Скоморох ходит по улице, Скоморох ходит по широкой. Он и плачет, возрыдаючи, Свою участь проклинаючи: «Уж ты, участь, ты, участь моя, Разнесчастная жизнь такова!» Еще стук-стук под окошечко: «Вы пустите скомороха ночевать, Вы пустите молодого ночевать!»…

Костя замолчал и прислушался на всякий случай – вдруг да опять начнутся перемены в природе?

– Снова жесть какая-то! – решил он и захлопнул книгу. Потом глянул на корешок – не пожевать ли еще?

– Теперь-то я знаю, что глюки – это глюки, и бояться тут некого, – успокоил он сам себя и захрустел горькой сочной плотью…

Через какое-то время внизу послышались крики:

– Бей его, Фома!

– Бей его, Ерема!

– Ну да, – сказал Костя. – Так я и поверил. Откуда тут Фома с Еремой возьмутся? Фома с родителями в Турции отдыхает, а Ереме нельзя поврежденный мениск тревожить…

Имелись в виду Костины одноклассники Фоменко и Еремеев.

– Бей татя!

– Лупи татя!

– Смерть татю!

– Татя – на кол!

Костя приподнялся, чтобы поглядеть на такой интересный глюк.

По дороге бежал, держа что-то в охапке, высокий тощий мужик, а за ним двое других – пониже и покрепче. Они колотили тощего палками, отчего тот подскакивал и верещал от ударов, как зайчик.

– Поделом татю мука!

«Э, – подумал Костя. – Вот оно что делается! Тятя – так ведь по-старинному отца зовут! Это детки батюшку родимого бьют! А я тут сижу и смотрю!»

Глюк там или не глюк, но для юного представителя семейства Жихаревых не было чернее и подлее поступка, чем поднять руку на родного отца. И неважно, что там, под дубом, верещит чужой батюшка, лупцуемый злодеями-сыновьями. Все равно непорядок!
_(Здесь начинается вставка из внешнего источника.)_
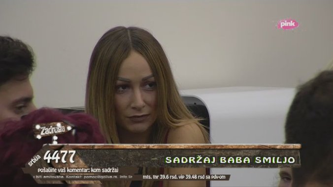 Ušla sam u garderobu i videla Lunu da čita neki papirić, neko pismo. Rekla mi je da ćutim, ali pošto je Sloba bezobrazan, biću i ja. Verovatno se dopisuju jer ne smeju da pričaju zbog njegove žene, sad su rešili da se dopisuju. Između njih ima nečeg ozbiljnog, ali neće on pred kamerama da otkrije. Međutim, mislim da će do kraja rijalitija popustiti.

Костя забыл про голод и слабость, спрыгнул с дуба и выбежал на дорогу.

– Смирррно! – рявкнул он, вспомнив, что Жихарев-старший именно так разгонял на Новый год драку во дворе. – Ат-тставить!

Фома и Ерема – не настоящие, а здешние – от неожиданности и вправду остановились, опустили суковатые дубинки…
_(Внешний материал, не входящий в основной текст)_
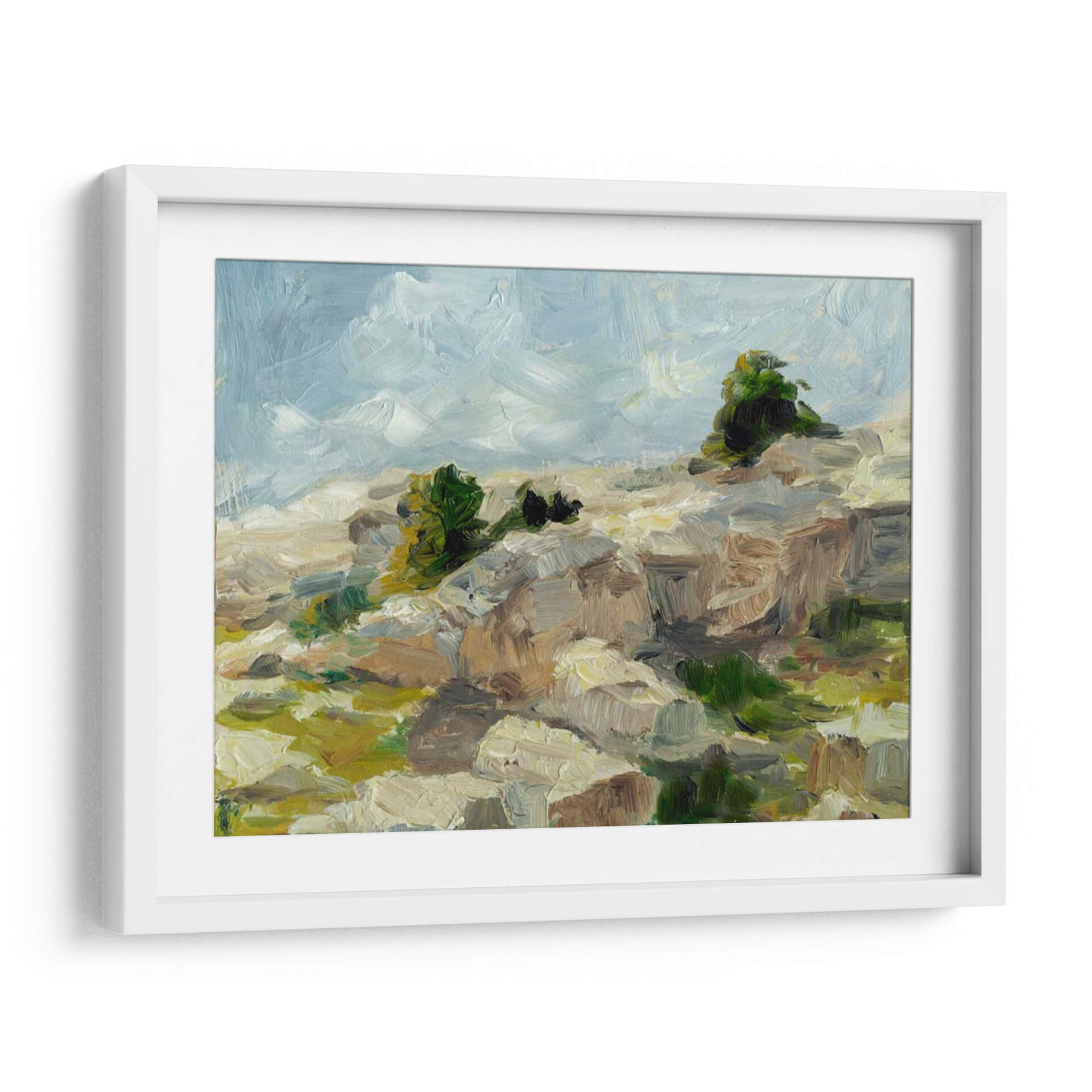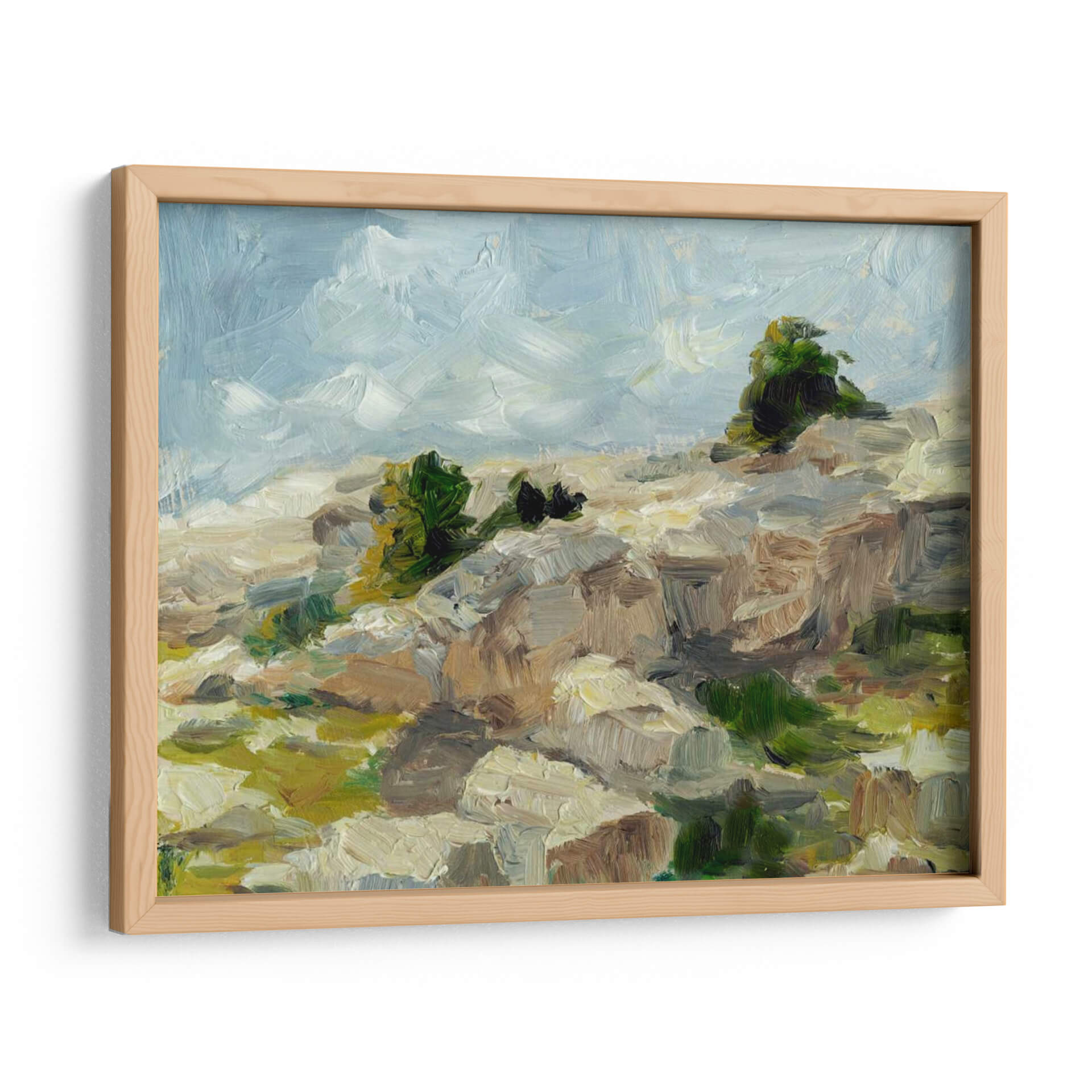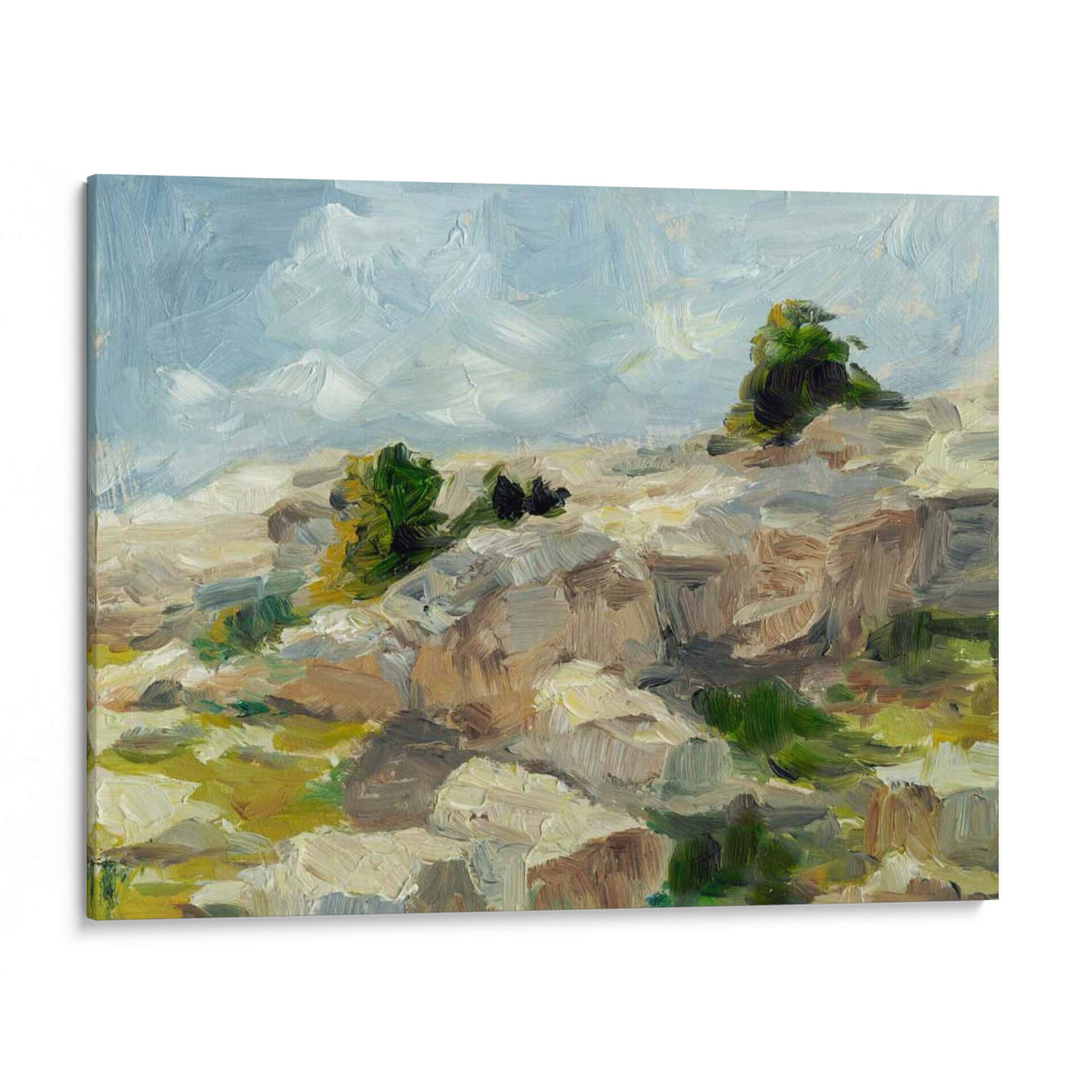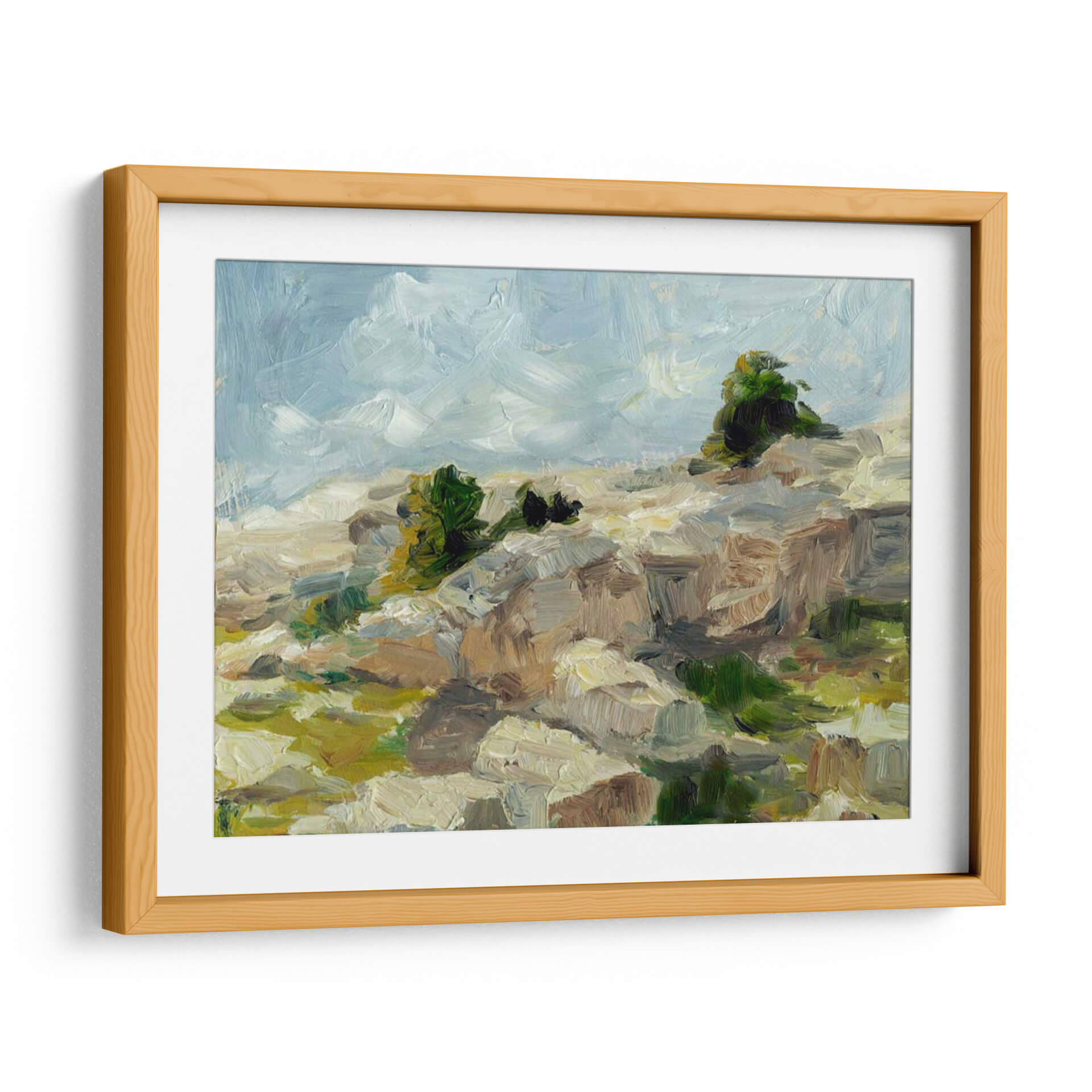 Sumérgete en la serenidad del paisaje con "Empaste De La Ladera I" de Ethan Harper. Esta obra maestra captura la esencia de una ladera rocosa bañada por la luz, con una pincelada audaz y empastada que aporta textura y profundidad. La paleta de colores, dominada por tonos tierra, ocres, verdes musgo y cielos celestes, evoca una sensación de calma y conexión con la naturaleza. Las formas rugosas de las rocas contrastan sutilmente con la suavidad de las nubes, creando una composición dinámica que invita a la contemplación. El estilo impresionista de Harper resalta la belleza del momento, capturando la atmósfera y la luz efímera. Este cuadro decorativo es ideal para añadir un toque de sofisticación natural a tu salón, estudio u oficina, transformando cualquier espacio en un refugio de paz y belleza artística. Su vibrante tratamiento de la luz y la materia lo convierten en un punto focal cautivador para cualquier ambiente moderno o rústico, resonando con aquellos que aprecian el arte que celebra la majestuosidad de la tierra.

Костя понял, что снова вышел косяк – никак не походили Фома и Ерема на сыновей побиваемого, поскольку были много его постарше. Или казались таковыми из-за длинных косматых бород…

«Все равно – двое на одного! Сто пудов непорядок!» – сказал про себя Жихарев.

В самом деле – не лезть же теперь обратно на дуб! Это вообще позор!

Тем более что палки бородачей тут же обрушились на самого Костю с двух сторон.

Костя подождал, пока не стало совсем больно (эге, это уже не глюки!), озверел, вырвал дубинки из рук космачей и с ревом погнал парочку по дороге, туда, откуда пришли.

Фома и Ерема как-то быстро прекратили сопротивление и пустились бежать, то и дело оглядываясь.

Костя переломил обе дубинки об колено, отшвырнул обломки и забарабанил кулаками в грудь, словно горилла – так было принято у них в спортзале в случае победы.

Потом посмотрел на спасенного.

Это был парень постарше Кости, примерно тех же годов, что братья-курсанты. Бородка у него росла жидкая, а волосы длинные, как у рок-музыканта. Он прижимал к груди что-то вроде короба, с которым ходят в лес по ягоду.

Парень поставил короб на дорогу и низко поклонился:

– Исполать тебе, добрый молодец!

Костя растерялся. Как тут нужно с людьми разговаривать? Колобок ведь никаких наставлений не оставил. Он велел тихо сидеть и не высовываться!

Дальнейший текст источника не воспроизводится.